··· DATA FOR PROCESSING

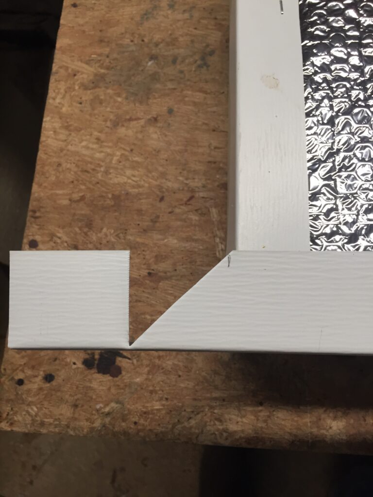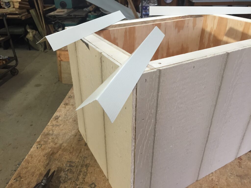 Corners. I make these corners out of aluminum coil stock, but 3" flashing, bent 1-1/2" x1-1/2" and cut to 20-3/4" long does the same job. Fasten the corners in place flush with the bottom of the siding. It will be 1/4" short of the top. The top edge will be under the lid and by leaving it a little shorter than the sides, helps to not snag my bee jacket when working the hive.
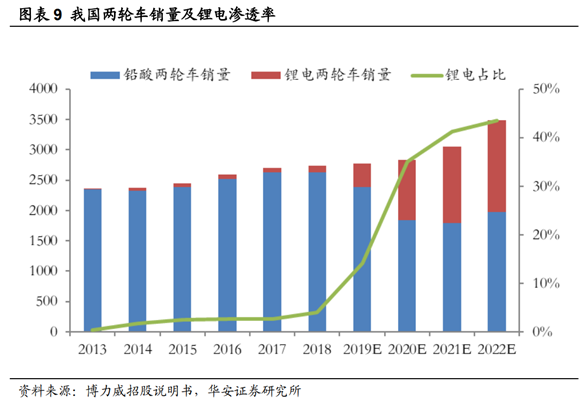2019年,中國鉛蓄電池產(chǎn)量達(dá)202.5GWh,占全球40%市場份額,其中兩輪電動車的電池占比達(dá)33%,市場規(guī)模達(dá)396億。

······
··· DATA FOR PROCESSING

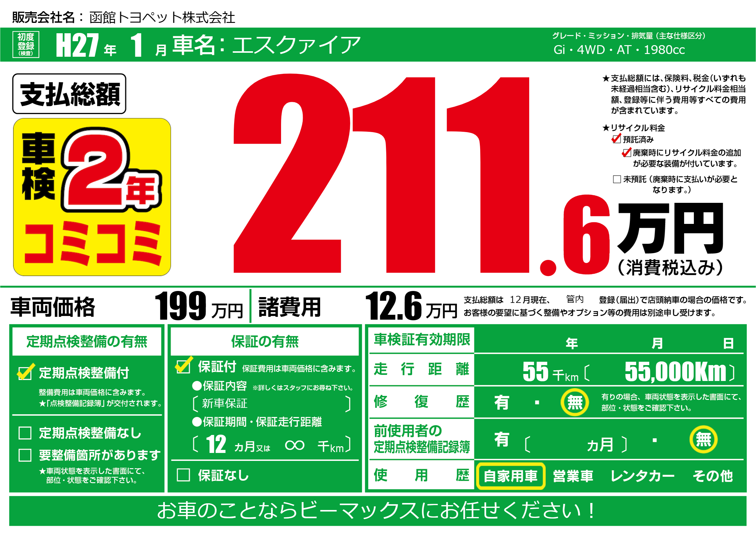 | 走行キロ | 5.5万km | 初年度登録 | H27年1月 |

······
··· DATA FOR PROCESSING

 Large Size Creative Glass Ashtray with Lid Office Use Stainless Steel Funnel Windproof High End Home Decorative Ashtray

······

- [WORK REQUIRED]
Having found the line with "Corners. I make" and the line with "2019年,中國鉛蓄電池產(chǎn)量" in the material above, write out exactly those two and every line between, leaving the pictures out.

- [WRITTEN ANSWER]
 Corners. I make these corners out of aluminum coil stock, but 3" flashing, bent 1-1/2" x1-1/2" and cut to 20-3/4" long does the same job. Fasten the corners in place flush with the bottom of the siding. It will be 1/4" short of the top. The top edge will be under the lid and by leaving it a little shorter than the sides, helps to not snag my bee jacket when working the hive.
2019年,中國鉛蓄電池產(chǎn)量達(dá)202.5GWh,占全球40%市場份額,其中兩輪電動車的電池占比達(dá)33%,市場規(guī)模達(dá)396億。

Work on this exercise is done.